(Saved entries)
·····

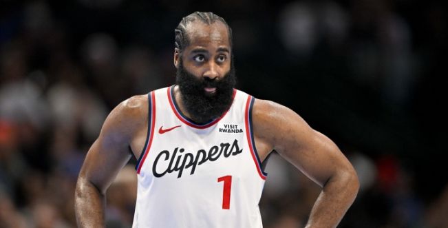 在最近的三场比赛中,哈登场均出战43.2分钟,得到35.3分9篮板8助攻1抢断1.3盖帽,1胜2负。
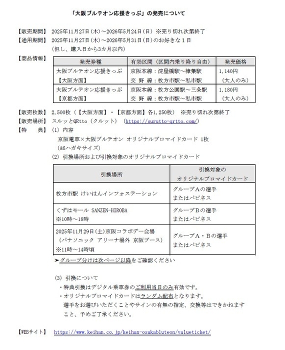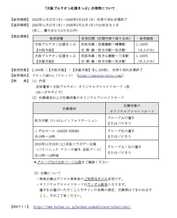 京阪グループ×大阪ブルテオン連携企画 11月27日(木)よりオリジナル特典付き京阪電車デジタル乗車券「大阪ブルテオン応援きっぷ」を発売! | NEWSCAST
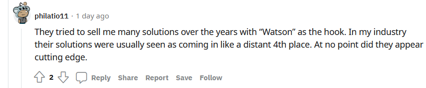 「我们这些顾客通常把沃森的软件排在第4选择顺位,他们从来没做出过真正业界前沿的产品。」
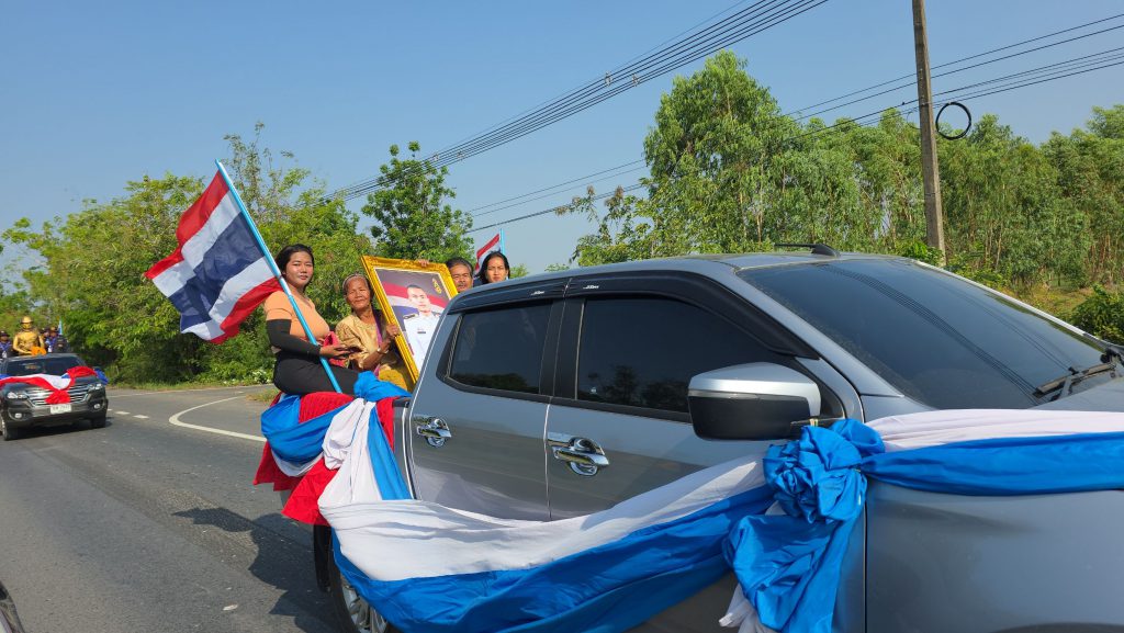 บรรยากาศในพื้นที่ ต.ตาจง อ.ละหานทราย จ.บุรีรัมย์ คึกคัก เมื่อชาวบ้านจำนวนมากออกมาโบกธงชาติไทยริมถนน เพื่อต้อนรับขบวนอัญเชิญรูปปั้นจำลองของ ร.ต.ธีรยุทธ กระจ่างทอง ทหารที่เสียชีวิตจากเหตุปะทะบริเวณชายแดนไทย–กัมพูชา เมื่อวันที่ 29 กรกฎาคม 2568 หลังครอบครัวสร้างรูปปั้นไว้เป็นอนุสรณ์ประจำบ้าน
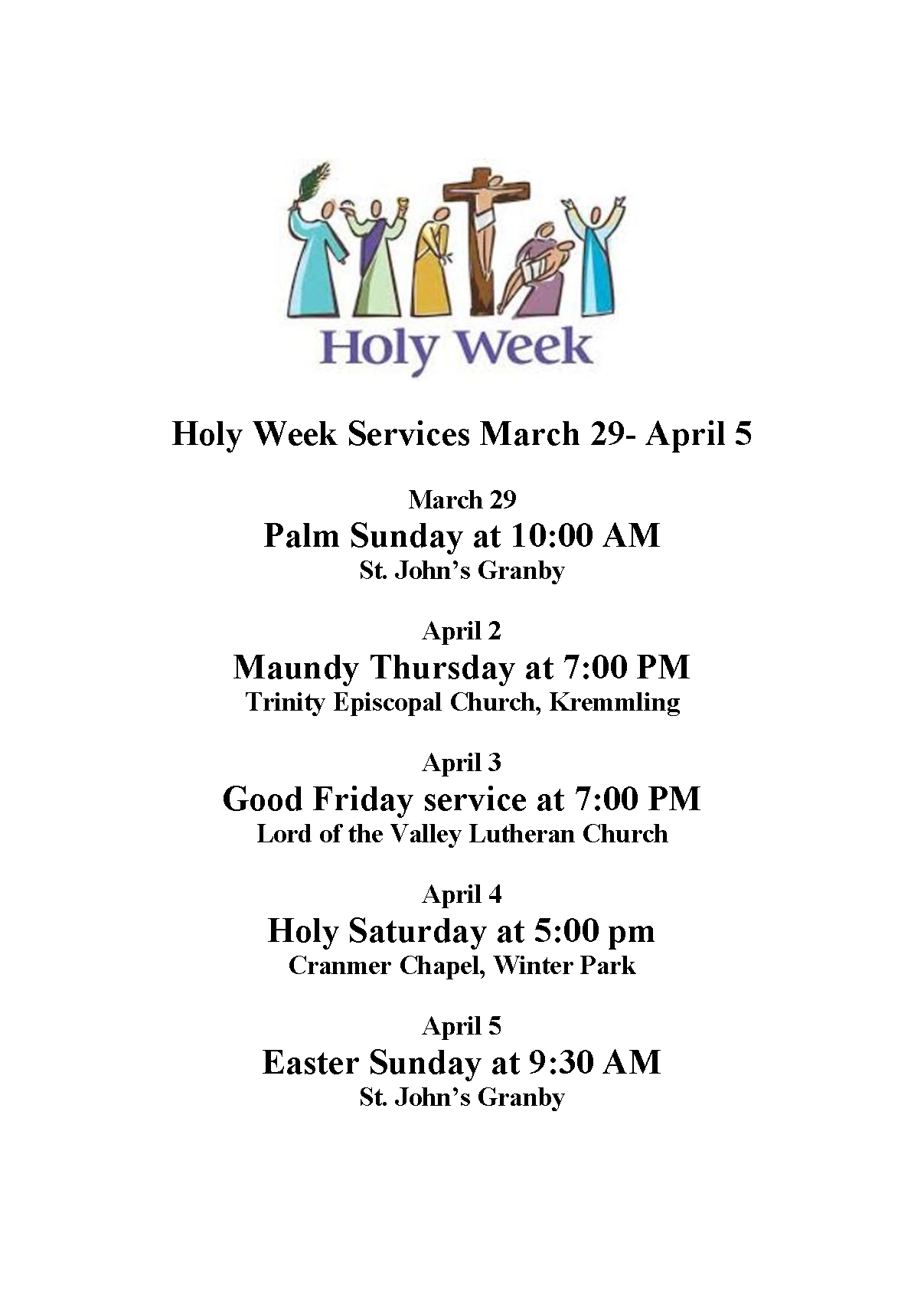 St. John in Granby: Sundays at 9:30 am (in-person and Zoom).
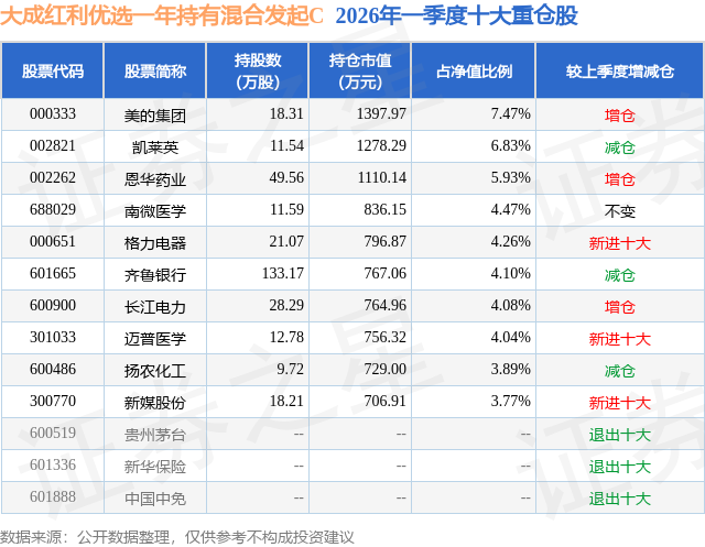 从基金规模来看,大成红利优选一年持有混合发起C基金2026年一季度公布的基金规模为0.86亿元,较上一期规模200.31万元变化了8444.64万元,环比变化了4215.79%。该基金最新一期资产配置为:股票占净值比93.95%,无债券类资产,现金占净值比6.25%。从基金持仓来看,该基金当季前十大股票仓位达48.84%,第一大重仓股为美的集团(000333),持仓占比为7.47%。
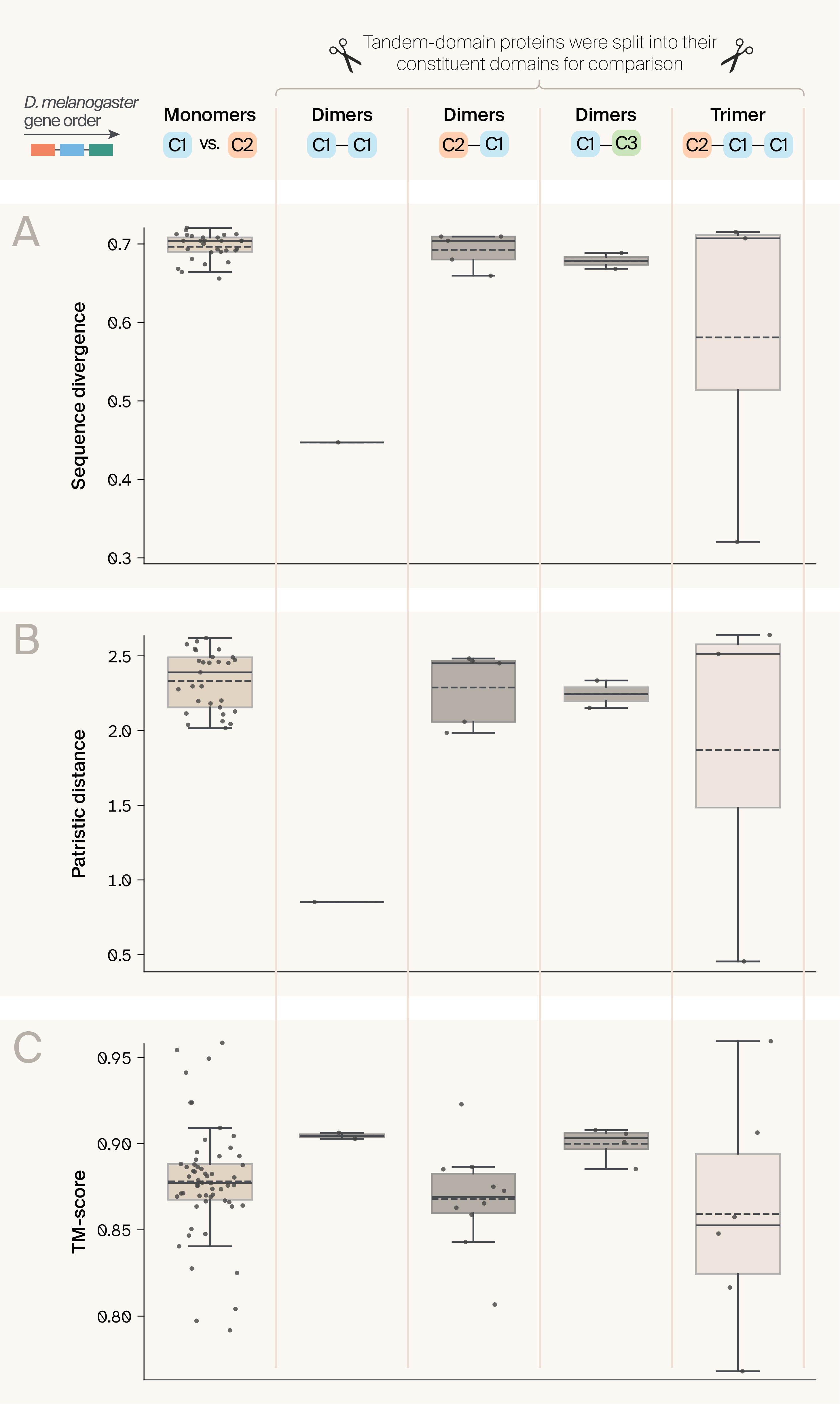 Patterns of intra-specific pairwise (A) sequence divergence, (B) patristic distance, and (C) TM-scores are similar between single-domain proteins present in our dataset (leftmost box; pairwise comparisons for each Drosophila species with a protein in Cluster 1 and a protein in Cluster 2), and tandem-domain proteins we split into their constituent domains (four rightmost boxes). For each box, the top and bottom of the box represent the bounds of the interquartile range, the solid line represents the median value, the dashed line represents the mean value, and the whiskers extend to 1.5 times the interquartile range beyond the box.
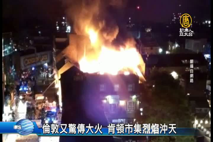 【新唐人亞太台 2017 年 07 月 10 日訊】新聞首先來看到,英國倫敦又慘遭祝融之禍,繼上個月才發生至少80人喪命的格蘭菲塔大火後,英國倫敦北部的著名旅遊景點肯頓市集,今天又在當地凌晨傳出火災,當局立刻派出10輛消防車及超過70名消防員前往現場撲救,倫敦消防局表示,市集內一棟三層樓高的建築物已經遭大火吞噬,不過幸好發生的時間是深夜,市集內沒有商家營業,目前火勢已獲控制,暫未有傷亡消息傳出。但現場火勢蔓延迅速,有目擊者擔心市集內有餐廳及廚房,擔心建築物可能隨時會爆炸。
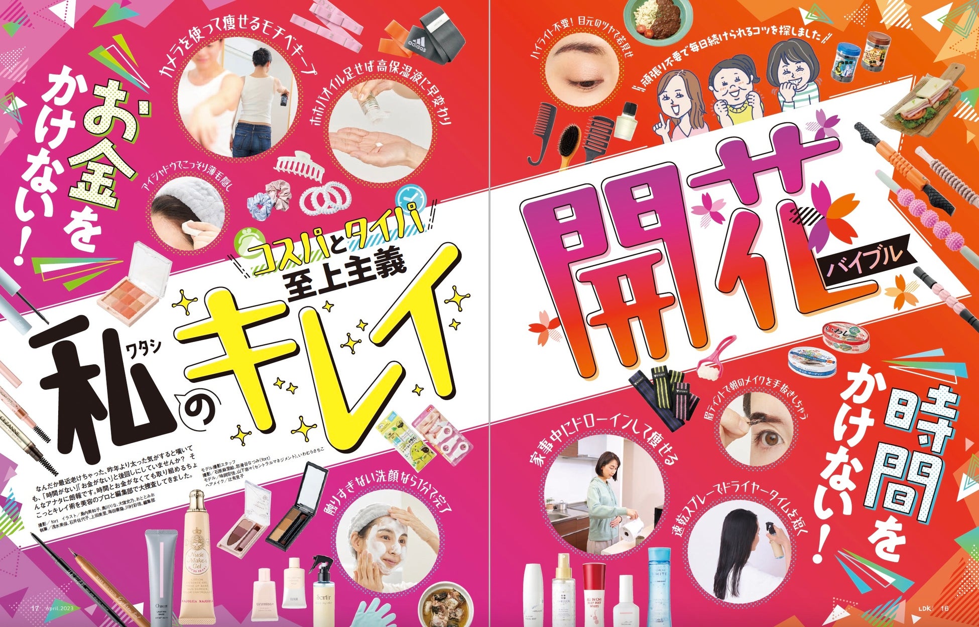 4月号では、「神ドライヤーランキング 2023」を大特集。お手頃価格で速乾&美髪を叶える絶対買いのドライヤーを探しました! そのほかにも、総力特集「私のキレイ開花バイブル」では、家事や仕事が忙しくても続けられる“コスパ”と“タイパ”のいいスキンケアやヘアケアアイテムをご紹介。さらに、お片付けのチリ積も悩みを大解決する「楽天収納アイテム丸バツジャッジ」など、暮らしに役立つ情報満載でお届けしています。本リリースでは、編集部が“本当におすすめできる”製品の⼀部をご紹介します。
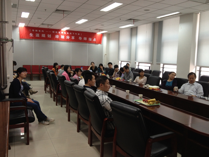 2014年5月14日,由党委研工部主办、yl7703永利集团承办的“导师有约――研究生师生交流下午茶”在生物站A110举行。本次交流活动邀请到了韩际宏和乔文涛两位教授作为嘉宾导师,同时邀请了两位博士生作为主讲人,为大家分享他们的科研生活经历及职业生涯规划。
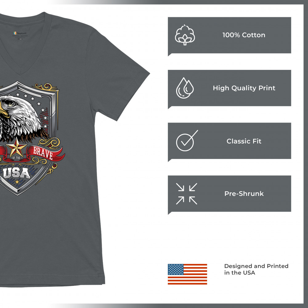Honor American spirit with this patriotic eagle shield design shirt. Featuring a bold bald eagle emblem, stars and stripes shield, and red white blue accents, it’s perfect for Veteran’s Day, 4th of July, and military pride. A true American pride shirt for those who live by “home of the brave, land of the free.â€
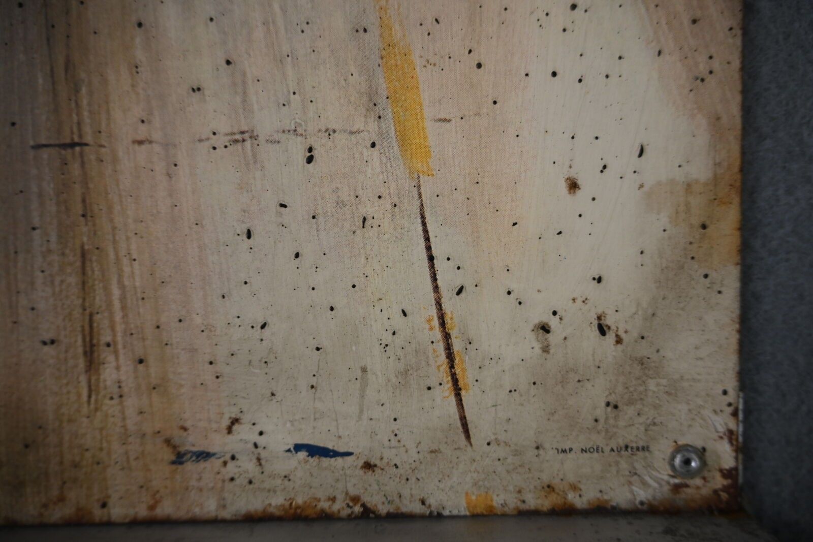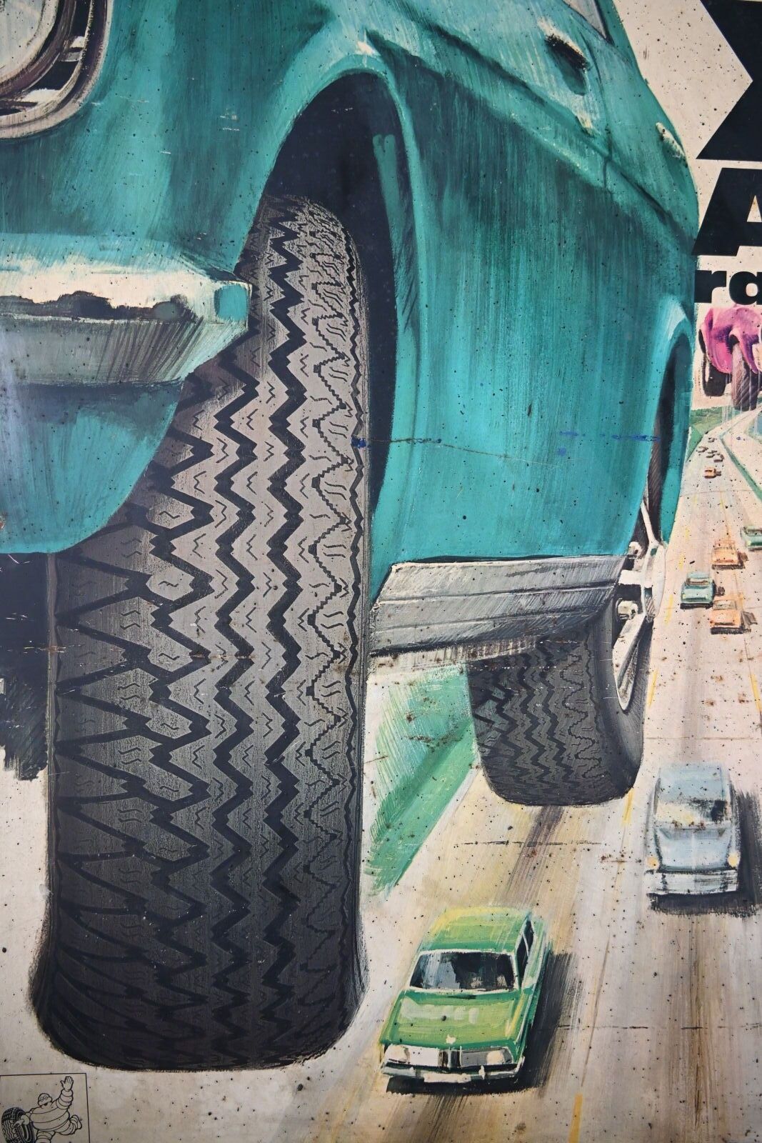 MICHELIN XAS RADIAL, Plaque publicitaire en tôle lithographiée illustrée d'un pneu de la marque. Imp. Noël Auxerre. Rayures, perforations, oxydation, déformations. Montée sur deux profilés alu. Dimensions : 80 x 60 cm

·····

▶ What you have to do
Needed here is only the span from the line with "2014年5月14日,由党委" through the last line of the entries, copied exactly with both ends and without pictures.

▶ Task answer
 2014年5月14日,由党委研工部主办、yl7703永利集团承办的“导师有约――研究生师生交流下午茶”在生物站A110举行。本次交流活动邀请到了韩际宏和乔文涛两位教授作为嘉宾导师,同时邀请了两位博士生作为主讲人,为大家分享他们的科研生活经历及职业生涯规划。
Honor American spirit with this patriotic eagle shield design shirt. Featuring a bold bald eagle emblem, stars and stripes shield, and red white blue accents, it’s perfect for Veteran’s Day, 4th of July, and military pride. A true American pride shirt for those who live by “home of the brave, land of the free.â€
 MICHELIN XAS RADIAL, Plaque publicitaire en tôle lithographiée illustrée d'un pneu de la marque. Imp. Noël Auxerre. Rayures, perforations, oxydation, déformations. Montée sur deux profilés alu. Dimensions : 80 x 60 cm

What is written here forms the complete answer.